Robin Blaser

1925—2009
Headshot of poet Robin Blaser
Courtesy of University of California Press

Poet, editor, and essayist Robin Blaser is the author of numerous collections of poetry, including Nomad (Slug Press, 1995), Syntax (Talonbooks, 1983), Cups (Four Seasons Foundation, 1968), and The Moth Pœm (Open Space, 1964). Blaser’s poetry and prose has been collected into three volumes: The Holy Forest: Collected Poems of Robin Blaser (University of California Press, 2006), The Fire: Collected Essays of Robin Blaser (University of California Press, 2006), and Even on Sunday: Essays, Readings, and Archival Materials on the Poetry and Poetics of Robin Blaser (edited by Miriam Nichols, National Poetry Foundation, 2002).

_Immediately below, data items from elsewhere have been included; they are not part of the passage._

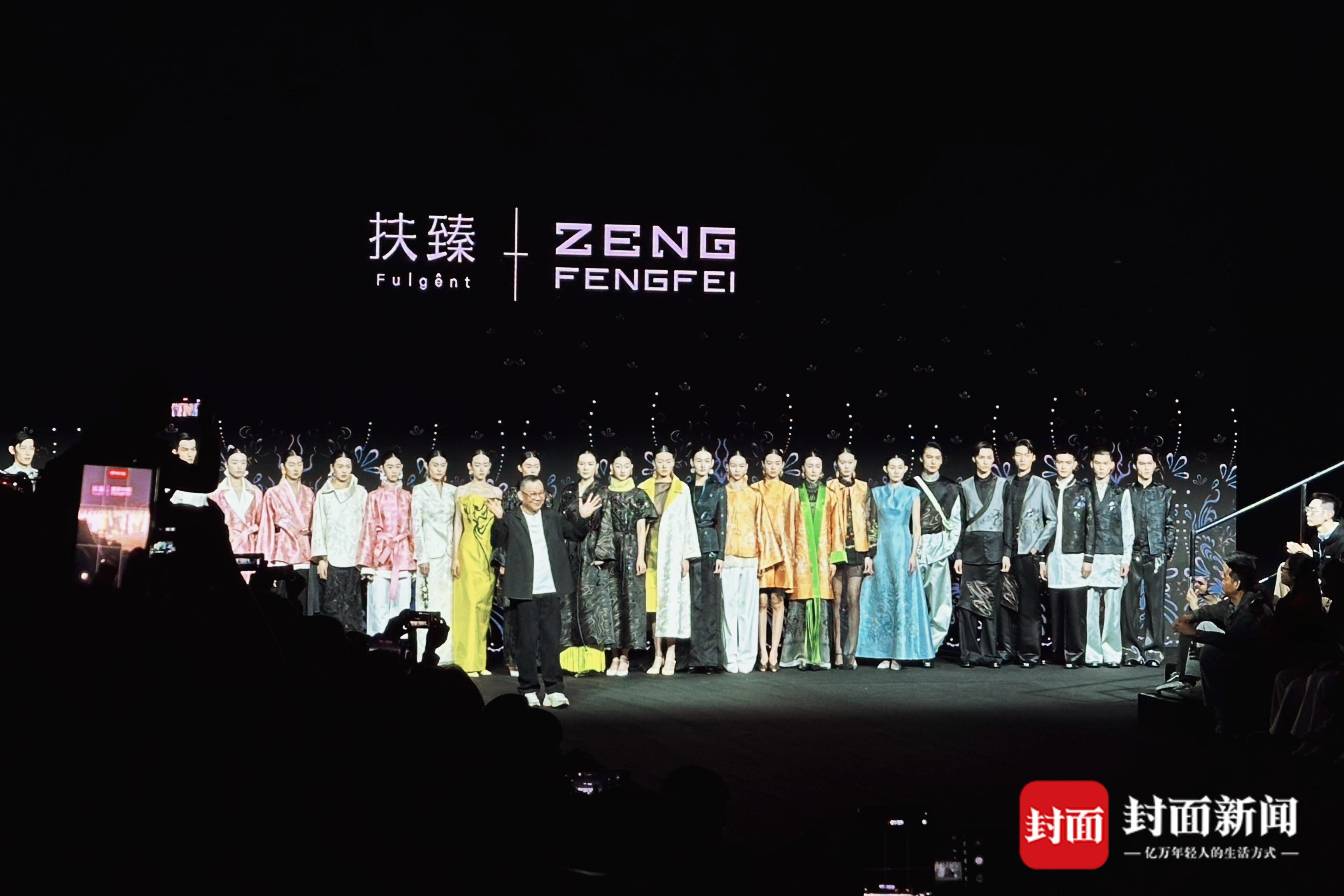 活动现场展出的蜀锦成衣系列,由设计师曾凤飞和协同创新中心打造的扶臻品牌联袂呈现。系列蜀锦成衣设计将蜀地代表性文化符号太阳神鸟、木芙蓉、熊猫、都江堰水纹、川剧脸谱等转化为可穿戴的视觉语言,在延续蜀锦传统织造技艺的同时,创新融入现代时尚元素,让古蜀文明在当代T台上焕发新生。
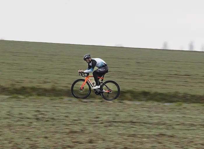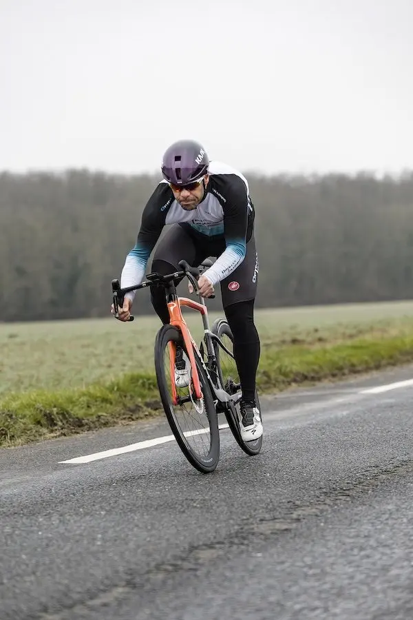 Lorsqu’on roule en force, volontairement ou non avec un gros braquet, le vélo continue de filer droit sans donner l’impression de se désunir.
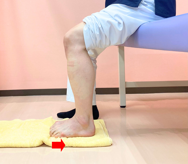 タオルギャザー(足の指でタオルをたぐり寄せる)や、ゴルフボール・テニスボール、ご家庭にあるラップの芯を利用し、足裏で転がしてほぐす方法があります。運動前だけでなく、お風呂上がりもしくは起床時に行うとより効果的です。
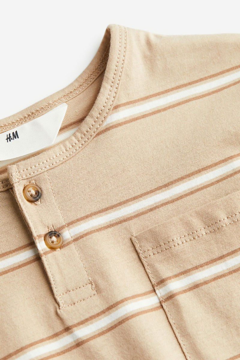 تاپ گشاد در لباسهای نخی نرم با نوار باریک دور یقه، کتانی با دکمه، شانههای افتاده، آستینهای کوتاه و یک جیب روی سینه.
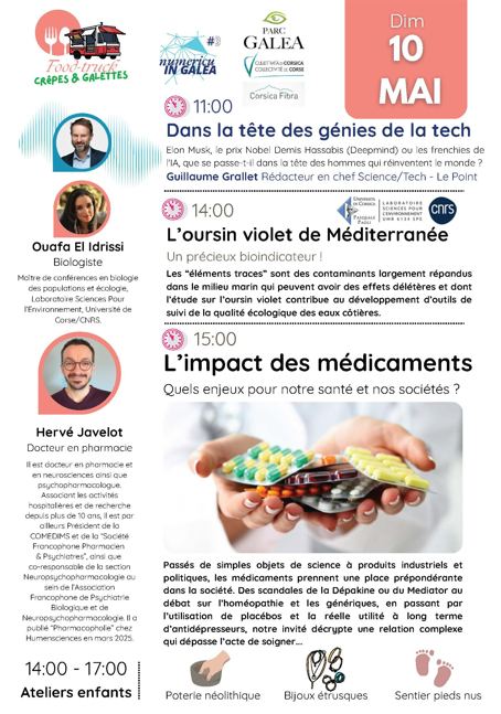Parc Galea - Entretien public avec Ouafa El Idrissi : « L’OURSIN VIOLET DE MEDITERRANEE : un précieux bioindicateur ! » Ouafa El Idrissi, Maître de Conférences en biologie des populations et écologie au sein du laboratoire « Sciences Pour l’Environnement » de l’Université de Corse et du CNRS, participera à un grand entretien public dimanche 10 Mai à partir de 14h00 dans le cadre des rencontres dominicales du Parc Galea. Les “éléments traces” sont des contaminants largement répandus dans le milieu marin qui peuvent avoir des effets délétères et dont l’étude sur l’oursin violet contribue au développement d’outils de suivi de la qualité écologique des eaux côtières. Cet entretien public sera suivi d’une conférence à 15h00 de Hervé Javelot, Docteur en pharmacie, intitulée « L'impact des médicaments : quels enjeux pour notre santé et nos sociétés ? ». Cette action s’inscrit dans le PIA UNIversité : pour la Transformation au service des territoires Insulaires méditerranéens, porté par l’Université de Corse. Rendez-vous : Dimanche 10 mai 2026 de 14h00 à 15h00, Parc Galea, Taglio Isolaccio. Proposé par : Laboratoire Sciences Pour l'Environnement (CNRS / Université de Corse), Mission science avec et pour la société. En partenariat avec : Parc Galea.
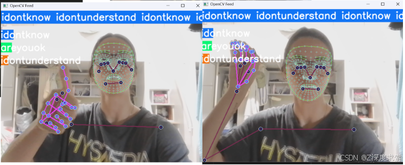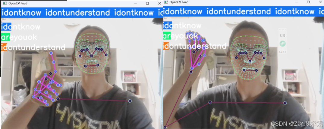 手语识别模型输出针对每一帧对应的动作序列,输出手语语义分类结果(如 “areyouok”“idontknow” 等预设句子类别),通常以概率分布形式呈现(如
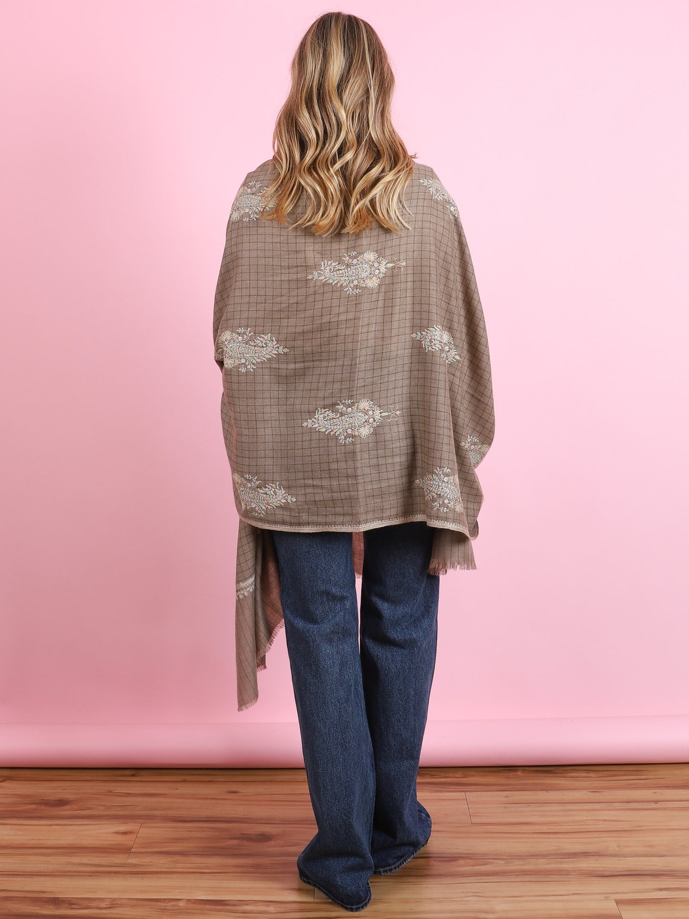 Beige Paisley Embroidered Yaser Shawl - CabanaCanary

Blaser was born in Denver and raised in Idaho. In 1944, he moved to California to attend the University of California, Berkeley, where he studied literature and library science. With poets Robert Duncan and Jack Spicer, he helped spark the Berkeley Poetry Renaissance of the 1940s, which preceded the San Francisco Poetry Renaissance of the 1950s and 1960s.

Blaser’s expansive poetry explores the intersections of time, nature, and syntax. In a 2007 interview with Paul E. Nelson, Blaser said,

Language is a way in which you are never simply yourself. I think the attachment to language [...] those poets I’ve admired so much in my life were all poets TIED IN with the language something so alive that it was close to having a body.

Blaser edited Louis Dudek’s Infinite Worlds: The Poetry of Louis Dudek (Véhicule Press, 1988), George Bowering’s Selected Poems: Particular Accidents (Talonbooks, 1980), and The Collected Books of Jack Spicer (Black Sparrow Press, 1975). In 2000, his libretto for Harrison Birtwistle’s opera The Last Supper premiered in Berlin.

In 2006, Blaser received the Griffin Trust for Excellence in Poetry’s Lifetime Recognition Award. Two years later, Blaser’s The Holy Forest won the 2008 Griffin Poetry Prize.

Blaser worked as a librarian at Harvard University, the California Historical Society, and San Francisco State University. He was Professor Emeritus of Simon Fraser University, where he began teaching in 1966. Blaser received the Order of Canada in 2005, Canada’s highest civilian honor.

Blaser died in 2009, and is survived by his partner of many years, David Farwell.